_Provided records_:
● ● ● ● ● ● ●
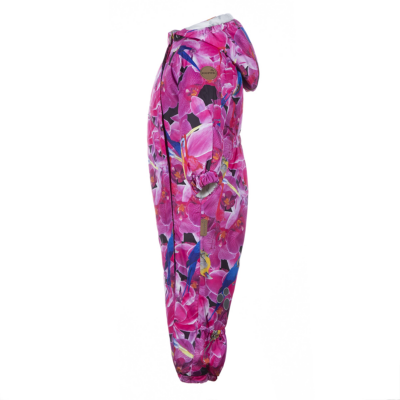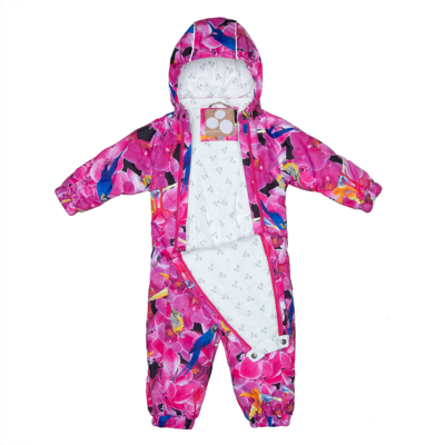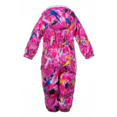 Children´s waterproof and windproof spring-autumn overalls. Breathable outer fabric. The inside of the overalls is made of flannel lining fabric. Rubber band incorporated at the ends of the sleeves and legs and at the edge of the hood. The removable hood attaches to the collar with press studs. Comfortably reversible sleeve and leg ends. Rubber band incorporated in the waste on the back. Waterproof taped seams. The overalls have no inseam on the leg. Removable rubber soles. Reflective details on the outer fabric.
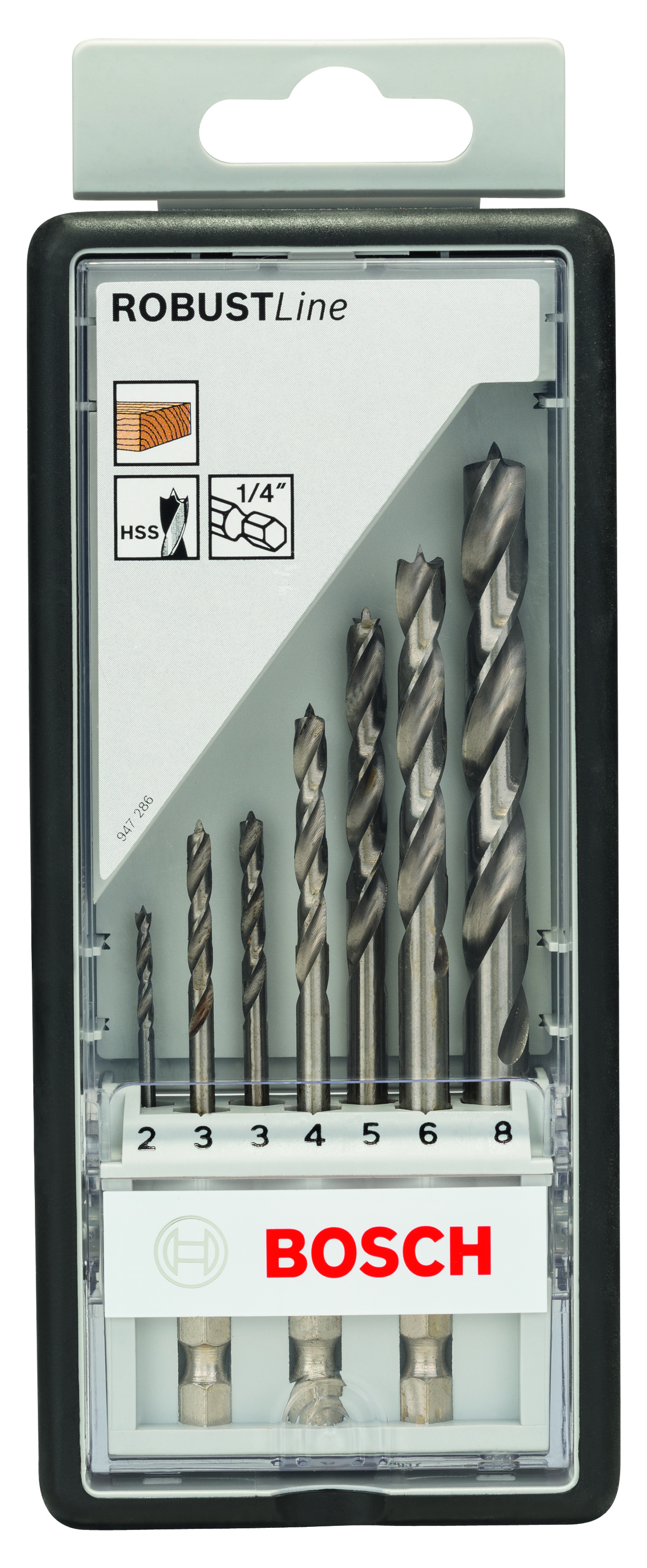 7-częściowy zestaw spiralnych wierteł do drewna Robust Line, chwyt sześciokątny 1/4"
● ● ● ● ● ● ●
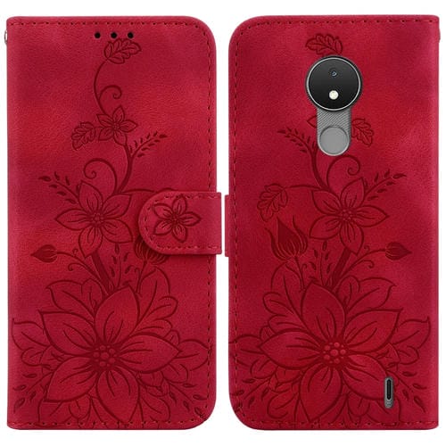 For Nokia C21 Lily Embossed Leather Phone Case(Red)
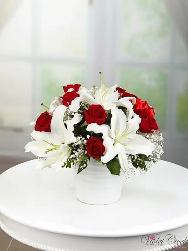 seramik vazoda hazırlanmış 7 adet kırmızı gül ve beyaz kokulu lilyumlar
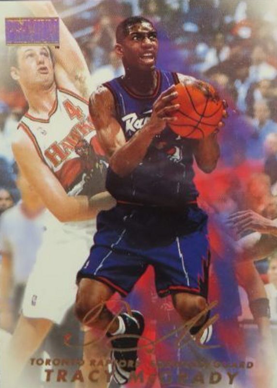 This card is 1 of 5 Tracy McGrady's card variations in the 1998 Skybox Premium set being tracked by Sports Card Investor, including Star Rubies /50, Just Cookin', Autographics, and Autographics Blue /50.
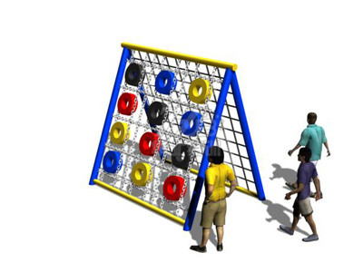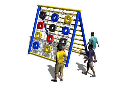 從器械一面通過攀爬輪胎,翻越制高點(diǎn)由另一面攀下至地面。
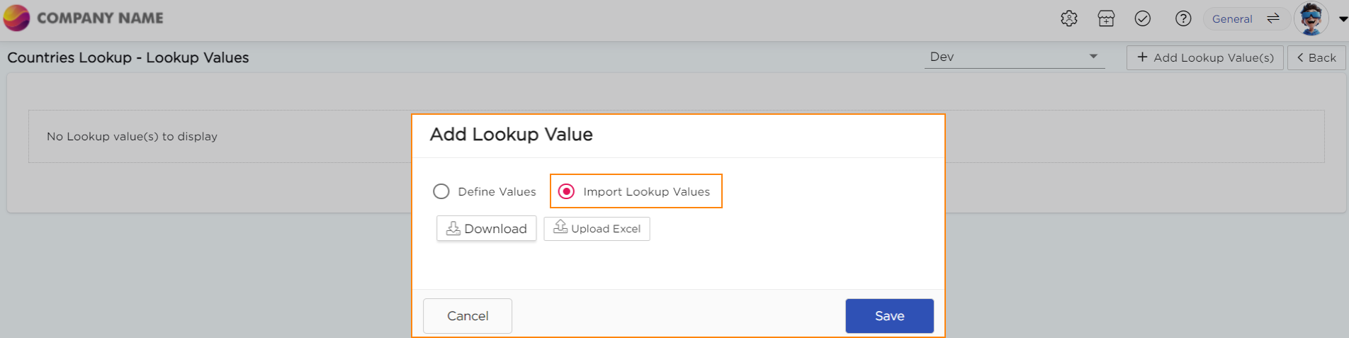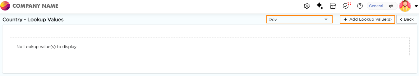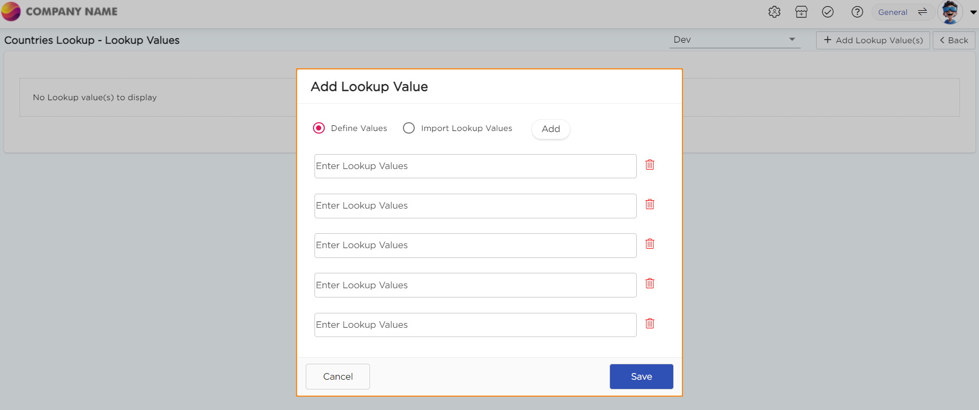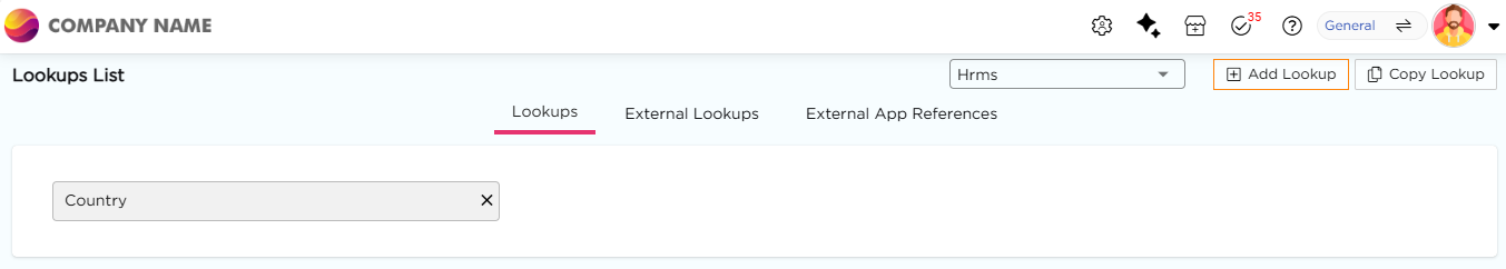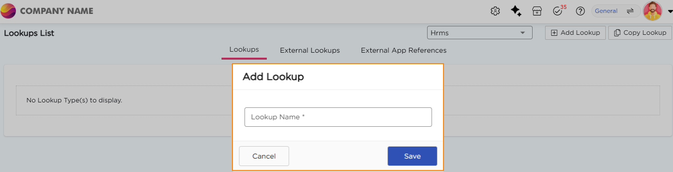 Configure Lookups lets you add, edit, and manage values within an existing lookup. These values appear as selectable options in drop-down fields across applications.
● ● ● ● ● ● ●
_Task prompt_: Only the lines starting at the one that includes "從器械一面通過攀爬輪胎,翻越制高點(diǎn)由另一面攀下至地面。" and ending at the one that includes "Configure Lookups lets" should be retyped, exactly, from the records above; no pictures.

_Task solution_:
 從器械一面通過攀爬輪胎,翻越制高點(diǎn)由另一面攀下至地面。
 Configure Lookups lets you add, edit, and manage values within an existing lookup. These values appear as selectable options in drop-down fields across applications.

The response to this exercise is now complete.